On the other hand, one bad aspect of this area is the sheer volume of concepts, technologies and variations of approaches that a new professional is faced with. The purpose of this article is not to be a study guide for such a professional. On the contrary, I want to make it clear that it is not necessary for someone to be familiar with all the terms on this list. It’s not an exhaustive list either. It’s based on my experience (and that of some of my colleagues at DP6) over several years working in the area.

I would like this list to be used as a starting point. If you feel confused about any term, I hope you’ll find it in the list below. While compiling this list, I researched a variety of opinions and definitions, and I don’t think it is possible to consolidate the entire discussion into the brief descriptions to which I have limited myself. I recommend a similar exercise for those who truly seek to understand any of the concepts below: don’t limit yourself to my vision, look for complementary and opposing points of view.

In relation to the this, I would welcome any criticism or suggestions that would correct items on the list.

Categories

Technical or market terms

This section is important because it provides an overview of the ecosystem and vocabulary of the area. Unfortunately, it also contains terms for which there is no universally accepted definition. Here, I present more general meanings and try to point out those that are a little more controversial.

Big Data

An umbrella term to designate the study, tools, solutions, etc. around datasets that are too large or complex for traditional data analysis and processing approaches. Some people define Big Data as any context where a machine is not sufficient for the data processing, analysis or storage required. There is some valid criticism of this definition, but it’s a simplified one that is worth keeping in mind.

Data Lake

A centralized repository of structured and unstructured data. It is possible to store the data in its native state, without the need for transformations, so that it can be consumed by other users later. It is not a term that is limited to storage, as it also covers functionalities required for a platform, including data analysis, machine learning, cataloging and data movement.

Data Warehouse

A repository optimized for executing analytic queries (see OLAP). Unlike a Data Lake, the premise is that the data is structured so that it can be stored in a Data Warehouse.

What is structured data?

To use an analogy, structured data is any type of file which you can upload to a Drive, for example. The characteristic that restricts the expected format of structured data varies from platform to platform, but generally we are talking about tables. Just as we cannot open just any file in Excel, restricting ourselves to formats such as .xls or .csv, we need a specific format to load in a Data Warehouse.

Data Lakehouse
This is a term used to describe approaches that attempt to combine the data structure and management features of a Data Warehouse with the low cost of storage of a Data Lake, including a structured transactional layer.

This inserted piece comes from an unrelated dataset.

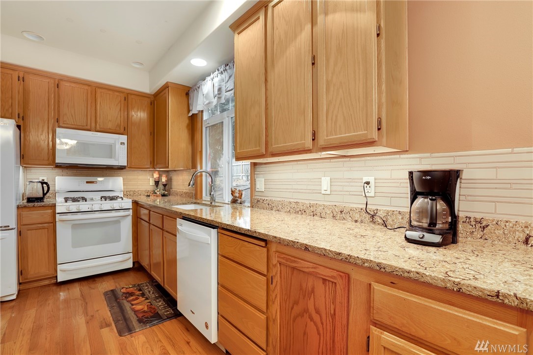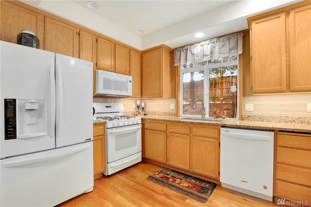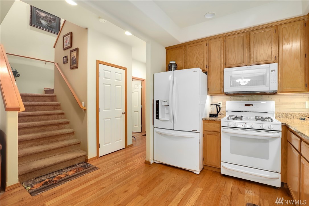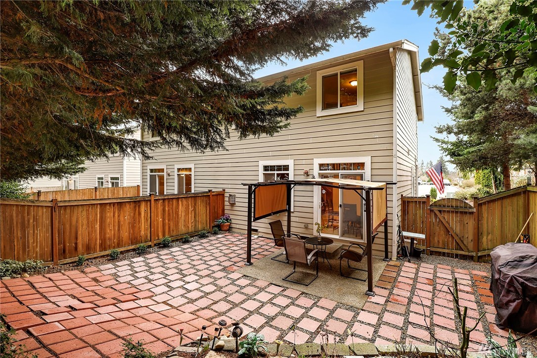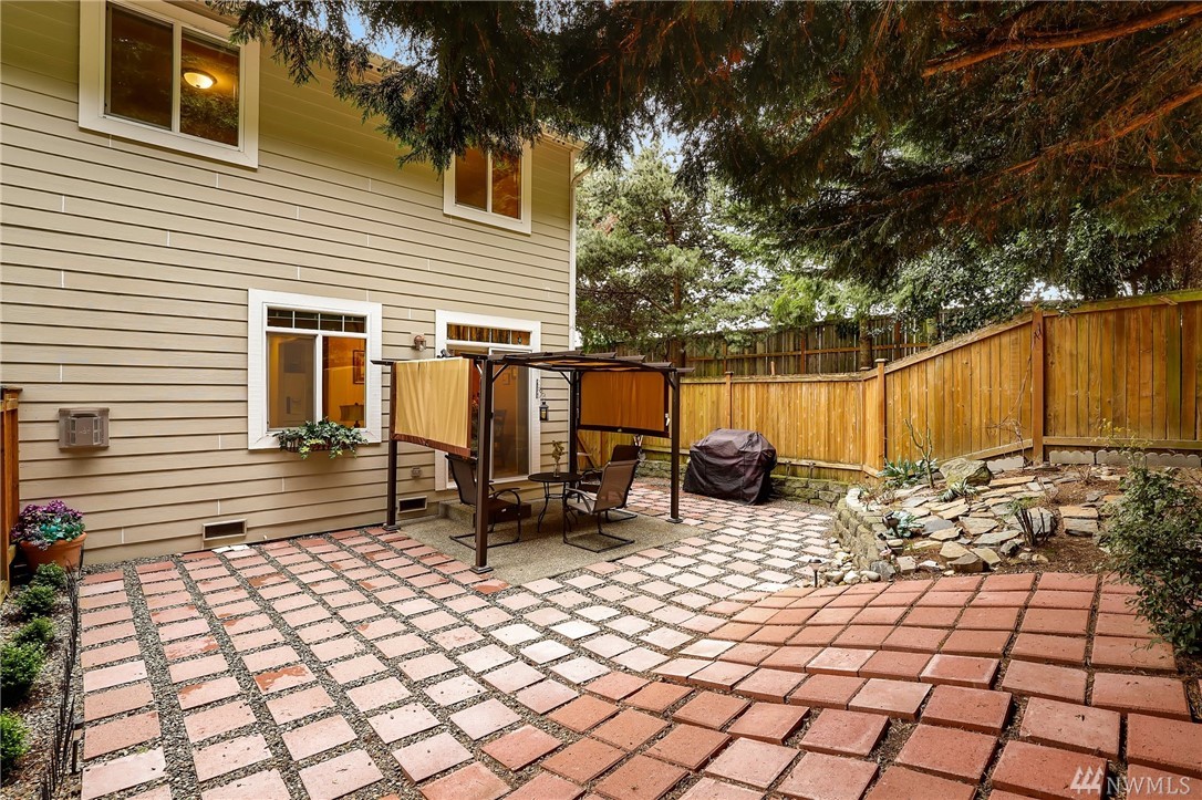 Spacious, end unit townhome in convenient location close to shopping, commuting & schools. Main level has an open floor plan for gathering & entertaining. Kitchen has new counters, hardwood floors, new refrigerator & gas cooking. Abundant storage + ½ bath on main floor. Upstairs features an expansive master suite w/ 5 piece bath & walk-in closet. Two more bedrooms and a second bath complete upstairs. Very private and tranquil setting with large fully fenced backyard, huge patio and stone pavers.

This term is broader and less clear than the previous ones. I think it is better to understand the need for it rather than get attached to something concrete. Delta Lake, by Databricks, is one of the main entities responsible for popularizing the topic, although AWS also make good use of it in their solutions.

You will find a good article on the subject here.

Data Mart

This term is used in the context of Data Warehouses, indicating a specific organizational structure or pattern. It is a layer that has specific subdivisions for each business unit or team (e.g. finance, marketing, product etc.), through which users can consume data in a format that meets their specific needs.

Data Mesh

Most people understand this as a decentralized architecture, where different teams are responsible for their data as if it were a product. There are other definitions that place more requirements on the architecture (including the original, and some implementation proposals by AWS). It’s a relatively new term and it will be interesting to see how its usage evolves, but it’s definitely a big trend with important core ideas.

Relational database

Formally, these are databases that model the data using a relational model. In practice, database management systems (applications such as MySQL, PostgreSQL and SQL server), which we call “relational”, support data access through the SQL language and have mechanisms to guarantee data integrity and support ACID transactions.

NoSQL database

This refers to systems that provide mechanisms for storing and retrieving data that is modeled differently from that used in relational databases. In practice, the term refers to several different types of databases that I will not list in this article.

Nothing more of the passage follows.